The Park itself develop new tourist venues? That's a ha-ha.


I'm surprised to read so many posts lauding the not-so-noble pursuit of hiking off trail! From the standpoint of recreation impact, a gaggle of tourists who stay on the trail will generally have fewer impacts on the natural world than an off-trail rambler in search of mystic connections with the landscape. The pretentious attitude of too many park enthusiasts is that their activities are right and everyone else's are wrong. Placing a birding guide in your daypack does not make you a field biologist, and donning a pair of leather hiking boots does not make you John Muir.

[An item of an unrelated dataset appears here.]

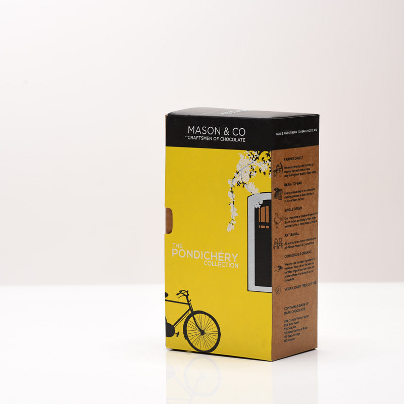 The Pondy Yellow sleeve features the signature yellow wall & holds six of our best-selling dark chocolate flavours in 60g:

Encouraging a broader spectrum of recreation options in national parks won't destroy them, and might significantly improve support for them, so long as the activities are well managed. Of course, some folks will always feel that they are exempt from bothersome restrictions like avoiding off-trail travel ... after all they're pursuing something noble, while the great unwashed are merely getting in the way.


Frank, I'm sure you had a great time knocking around in those canyons, and that they're no worse off for it. Same goes for the idylls I've enjoyed in a host of remote locations while hiking, running, climbing and biking. The occasion for the original essay is the Economist speculating that American parks are in trouble. Managing them in a way that invites new users in and gets them involved with the parks is a necessity ... otherwise the parks become an expensive (and expendable) preserve for a tiny, aging and annoyingly intolerant sliver of society. If preservation were the only mission of the NPS then their mission would be simple: keep everybody out. The reality is that we're all "entertainment seekers" out there. All park visitors have impacts and all of them need to be managed. Besides. you and I both know that anyone who is willing to hike, bike or paddle more than a few miles from the parking lot is usually going to find a whole lot of solitude. If I have to go a few miles farther because the parks are filling up with enthusiastic supporters I'll consider it a blessing.